--- Collected material ---
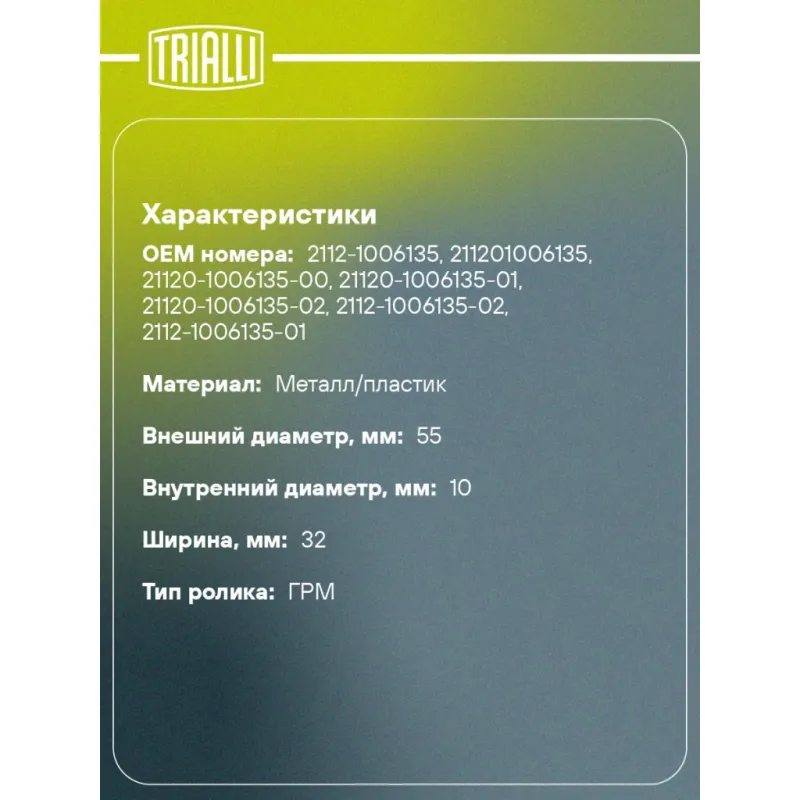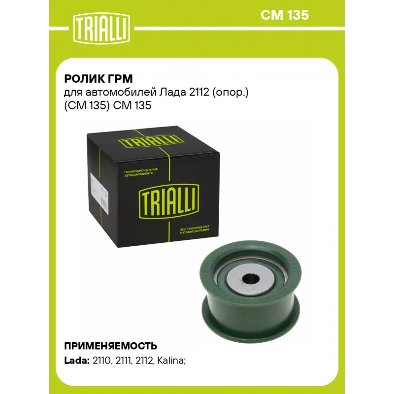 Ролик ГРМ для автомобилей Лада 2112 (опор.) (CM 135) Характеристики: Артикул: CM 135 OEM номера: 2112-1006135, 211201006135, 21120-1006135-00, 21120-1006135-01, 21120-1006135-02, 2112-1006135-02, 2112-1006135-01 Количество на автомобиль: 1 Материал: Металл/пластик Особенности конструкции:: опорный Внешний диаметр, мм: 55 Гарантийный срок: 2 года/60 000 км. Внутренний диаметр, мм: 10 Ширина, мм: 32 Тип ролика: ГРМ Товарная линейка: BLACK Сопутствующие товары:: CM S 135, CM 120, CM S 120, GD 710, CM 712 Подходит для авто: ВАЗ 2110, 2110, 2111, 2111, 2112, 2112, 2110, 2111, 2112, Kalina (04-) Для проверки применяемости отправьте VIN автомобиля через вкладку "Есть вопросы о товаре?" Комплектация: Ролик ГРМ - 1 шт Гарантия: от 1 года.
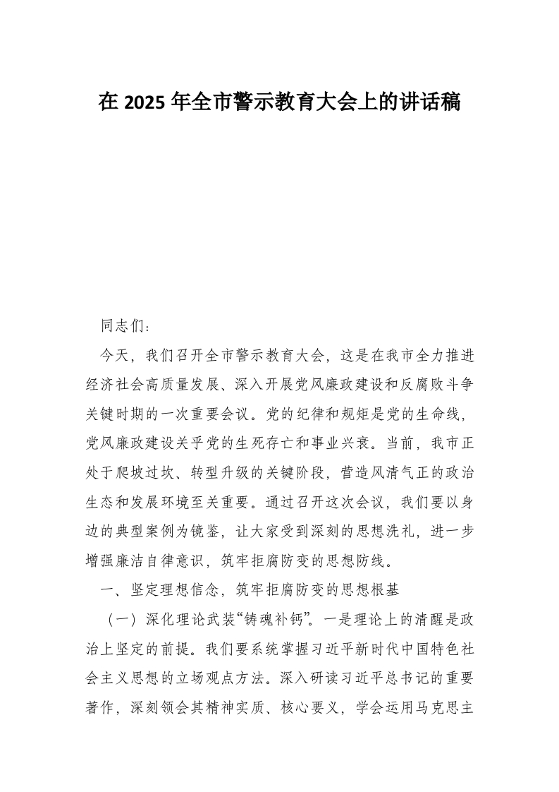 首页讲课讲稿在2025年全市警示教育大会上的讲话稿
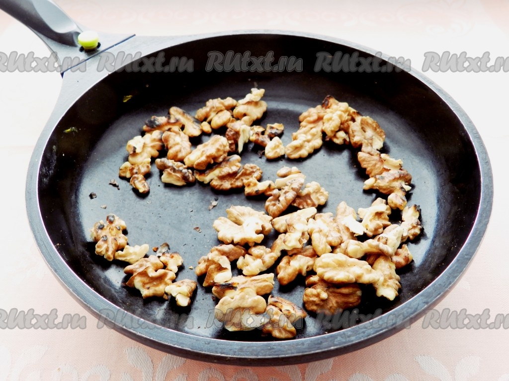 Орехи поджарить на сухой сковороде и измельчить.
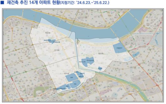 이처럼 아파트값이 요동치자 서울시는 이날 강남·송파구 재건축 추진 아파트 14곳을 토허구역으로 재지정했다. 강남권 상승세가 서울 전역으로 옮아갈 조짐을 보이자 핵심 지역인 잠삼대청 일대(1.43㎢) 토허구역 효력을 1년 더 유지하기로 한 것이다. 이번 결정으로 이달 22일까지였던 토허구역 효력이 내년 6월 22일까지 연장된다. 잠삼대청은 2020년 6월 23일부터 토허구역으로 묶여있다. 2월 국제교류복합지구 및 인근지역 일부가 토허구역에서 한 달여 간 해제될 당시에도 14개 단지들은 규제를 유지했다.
---
Work task:
The output has to match the data above line for line, except that pictures are dropped.

Final answer:
 Ролик ГРМ для автомобилей Лада 2112 (опор.) (CM 135) Характеристики: Артикул: CM 135 OEM номера: 2112-1006135, 211201006135, 21120-1006135-00, 21120-1006135-01, 21120-1006135-02, 2112-1006135-02, 2112-1006135-01 Количество на автомобиль: 1 Материал: Металл/пластик Особенности конструкции:: опорный Внешний диаметр, мм: 55 Гарантийный срок: 2 года/60 000 км. Внутренний диаметр, мм: 10 Ширина, мм: 32 Тип ролика: ГРМ Товарная линейка: BLACK Сопутствующие товары:: CM S 135, CM 120, CM S 120, GD 710, CM 712 Подходит для авто: ВАЗ 2110, 2110, 2111, 2111, 2112, 2112, 2110, 2111, 2112, Kalina (04-) Для проверки применяемости отправьте VIN автомобиля через вкладку "Есть вопросы о товаре?" Комплектация: Ролик ГРМ - 1 шт Гарантия: от 1 года.
 首页讲课讲稿在2025年全市警示教育大会上的讲话稿
 Орехи поджарить на сухой сковороде и измельчить.
 이처럼 아파트값이 요동치자 서울시는 이날 강남·송파구 재건축 추진 아파트 14곳을 토허구역으로 재지정했다. 강남권 상승세가 서울 전역으로 옮아갈 조짐을 보이자 핵심 지역인 잠삼대청 일대(1.43㎢) 토허구역 효력을 1년 더 유지하기로 한 것이다. 이번 결정으로 이달 22일까지였던 토허구역 효력이 내년 6월 22일까지 연장된다. 잠삼대청은 2020년 6월 23일부터 토허구역으로 묶여있다. 2월 국제교류복합지구 및 인근지역 일부가 토허구역에서 한 달여 간 해제될 당시에도 14개 단지들은 규제를 유지했다.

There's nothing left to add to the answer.